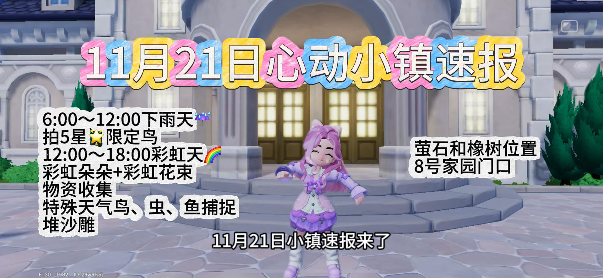 天气 6:00~12点雨天☔️ 适合拍五星鸟 12:00~18:00彩虹天🌈 找朵朵+彩虹花束 特殊天气资源收集 萤石和橡树都在8号家园门口 #心动小镇甄嬛传联动 #心动小镇创作家激励计划 #游戏日常 #心动小镇攻略 #心动小镇
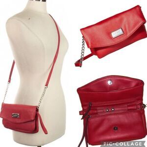 Nine West Women's Pink Textured Vegan Leather Chain Strap Wallet Crossbody Bag
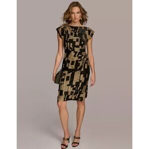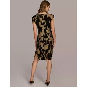 Donna Karan Printed Velvet Extended Shoulder Dress Knee Length Cocktail US 6 NWT.

WHAT THE EXERCISE ASKS: What you give back must be exactly the lines of the listing above from the line containing "Nine West Women's" through its last line, inclusive, without pictures, please.

OUTPUT FOR THIS EXERCISE:
 Nine West Women's Pink Textured Vegan Leather Chain Strap Wallet Crossbody Bag
 Donna Karan Printed Velvet Extended Shoulder Dress Knee Length Cocktail US 6 NWT.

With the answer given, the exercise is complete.